Getting Started

The Todo.txt Format

Todo.txt is a plain-text format for managing tasks. Each line represents one task with an optional structure:

x (A) 2024-01-16 2024-01-15 Description @context +project key:value
│  │       │          │          │           │        │        │
│  │       │          │          │           │        │        └─ metadata
│  │       │          │          │           │        └─ project tag
│  │       │          │          │           └─ context tag
│  │       │          │          └─ description
│  │       │          └─ creation date
│  │       └─ completion date
│  └─ priority (A-Z)
└─ completion marker

All parts are optional except the description.

Parsing Tasks

Use parse_todo to parse a single line and parse_todos for multiple lines:

t = parse_todo("(A) 2024-01-15 Call Mom @phone +Family due:2024-01-20")
Todo: (A) 2024-01-15 Call Mom @phone +Family due:2024-01-20

The parser extracts each component into a dedicated field:

t.completed
false
t.priority
'A': ASCII/Unicode U+0041 (category Lu: Letter, uppercase)
t.creation_date
2024-01-15
t.description
"Call Mom"

Note that description contains only the plain text – contexts, projects, and metadata are stored separately:

t.contexts
1-element Vector{String}:
 "phone"
t.projects
1-element Vector{String}:
 "Family"
t.metadata
Dict{String, String} with 1 entry:
  "due" => "2024-01-20"

Completed Tasks

Completed tasks start with x and may include a completion date:

t = parse_todo("x 2024-01-16 2024-01-15 Pay bills")
t.completed, t.completion_date, t.creation_date
(true, Date("2024-01-16"), Date("2024-01-15"))

Constructing Tasks

The Todo constructor accepts a description string and keyword arguments. Tags embedded in the description are automatically extracted:

t = Todo("Buy groceries @store +Errands"; priority='B', creation_date=Date(2024, 1, 15))
Todo: (B) 2024-01-15 Buy groceries @store +Errands
t.description  # tags have been stripped
"Buy groceries"
t.contexts
1-element Vector{String}:
 "store"

If you pass explicit contexts, projects, or metadata keyword arguments, they override extraction from the description:

t = Todo("Call Mom @phone"; contexts=["work"])
t.contexts  # uses the explicit value, not "phone"
1-element Vector{String}:
 "work"

Writing Tasks

write_todo serializes a Todo back to a single Todo.txt line. Tags are written in canonical order: description, contexts (@), projects (+), then metadata (key:value sorted by key).

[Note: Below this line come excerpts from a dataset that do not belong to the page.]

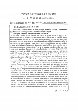 宁波大学861英汉互译2009年真题
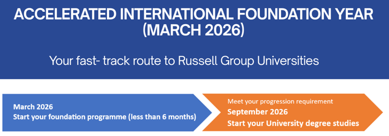 Why wait for the September intake when you can start earlier? Fast- track your studies from O-Levels to a UK uni in under 6 months with StudyGroup International Study Centres. The Accelerated International Foundation Year (March 2026 intake) is designed for students who want a faster, smarter route to a selected UK University, without taking a gap year.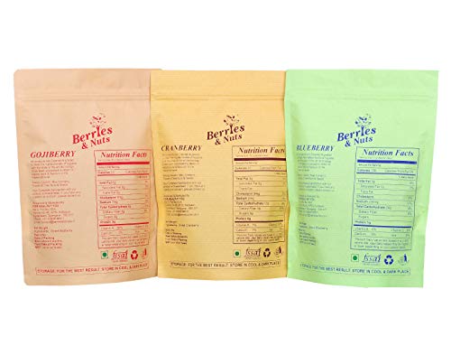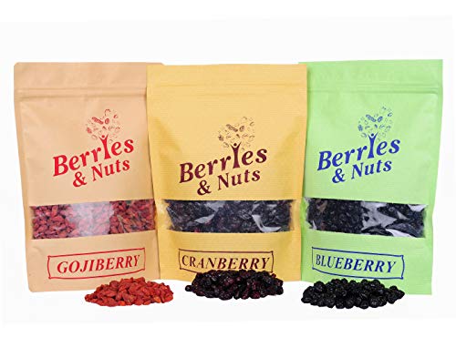 Berries And Nuts Dried Berries Combo | Cranberries Blueberries & Gojiberries 250 Grams Each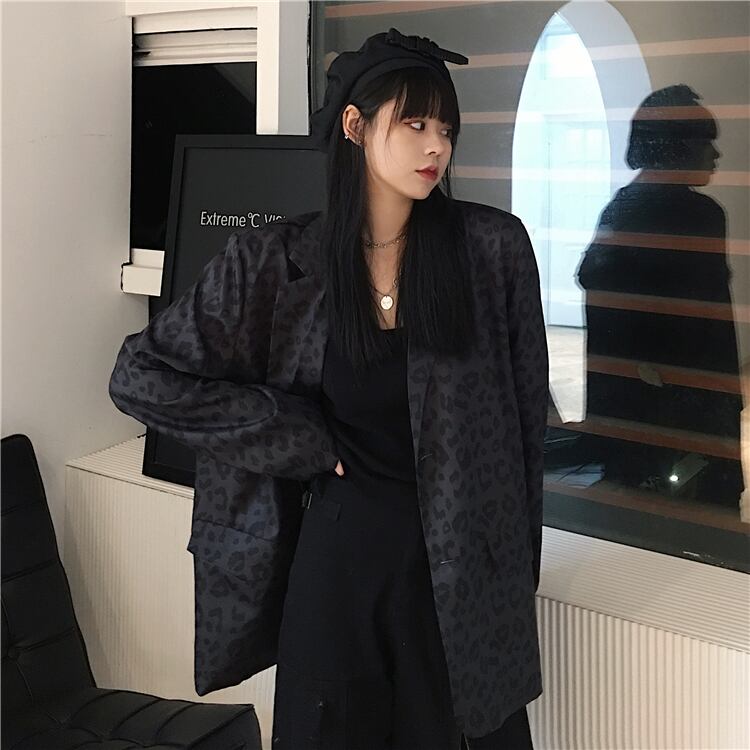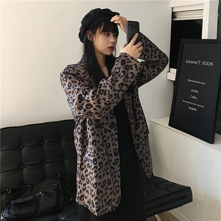 スタンダードスプリング秋物トレンドレオパードプリント柄ルーズ長袖スリーブジャケット ロング レトロ ストリート 春物 オータム CHIL38083937513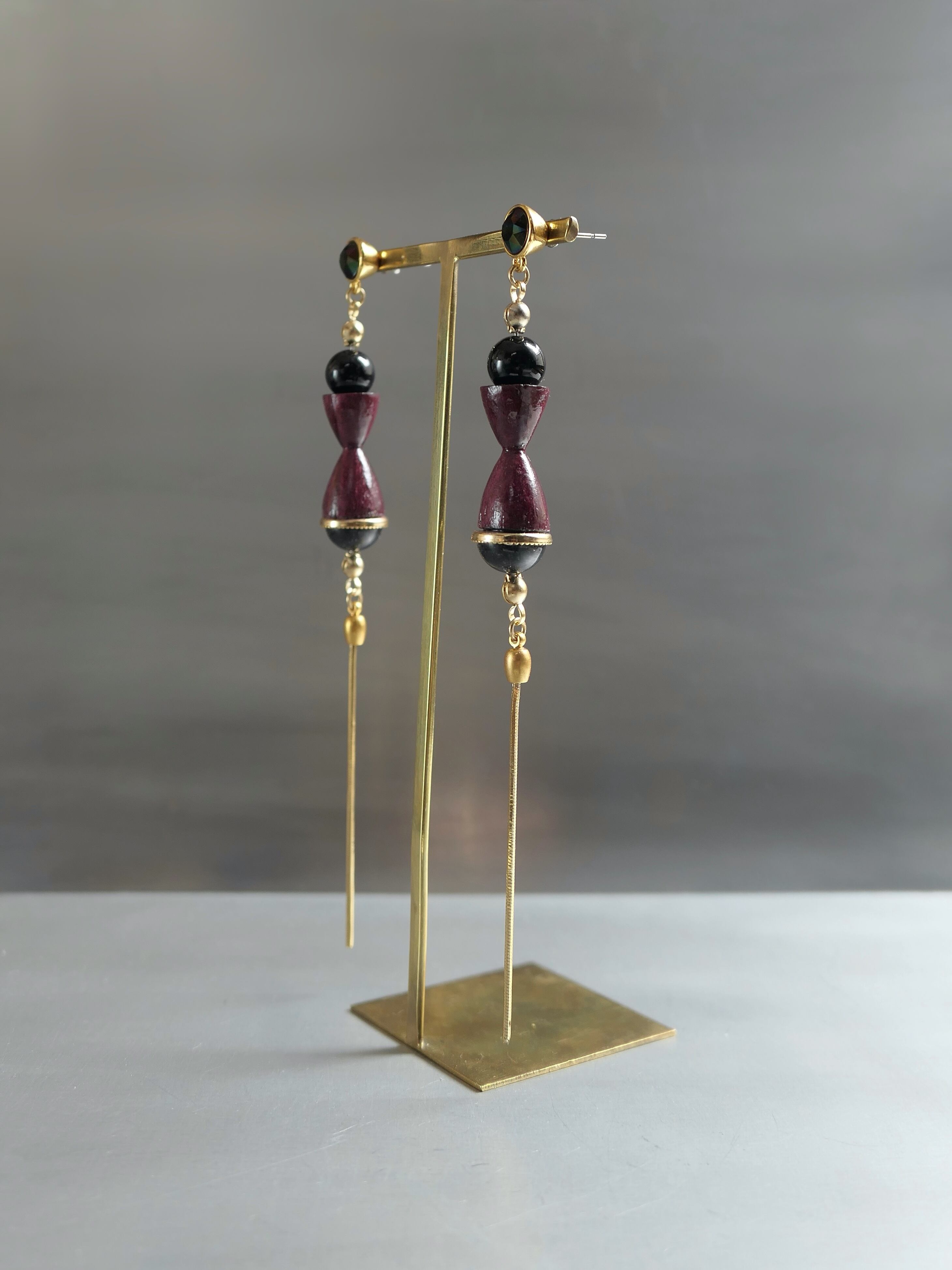 素材:木(パープルハート)、硝子、樹脂、天然石(オニキス、磁鉄鉱砂)、真鍮

t = Todo("Call Mom @phone +Family"; priority='A', creation_date=Date(2024, 1, 15))
write_todo(t)
"(A) 2024-01-15 Call Mom @phone +Family"

write_todos joins multiple tasks with newlines:

todos = [
    Todo("Call Mom"; priority='A'),
    Todo("Buy groceries @store +Errands"; priority='B'),
]
print(write_todos(todos))
(A) Call Mom
(B) Buy groceries @store +Errands

File I/O

Read and write Todo.txt files directly:

# Write to a file
todos = [
    Todo("Call Mom @phone +Family"; priority='A', creation_date=Date(2024, 1, 15)),
    Todo("Pay bills"; completed=true, completion_date=Date(2024, 1, 16)),
    Todo("Buy groceries @store +Errands"),
]

path = tempname()
write_todos(path, todos)

# Read it back
loaded = read_todos(path)
loaded == todos
true

Roundtrip Fidelity

Parsing and writing are inverse operations – a roundtrip preserves all data:

line = "(B) 2024-01-15 Buy groceries @store +Errands"
write_todo(parse_todo(line)) == line
true
Note

Tags in the original line may be reordered to canonical order (contexts, then projects, then sorted metadata). If the original line already follows this order, the roundtrip produces an identical string.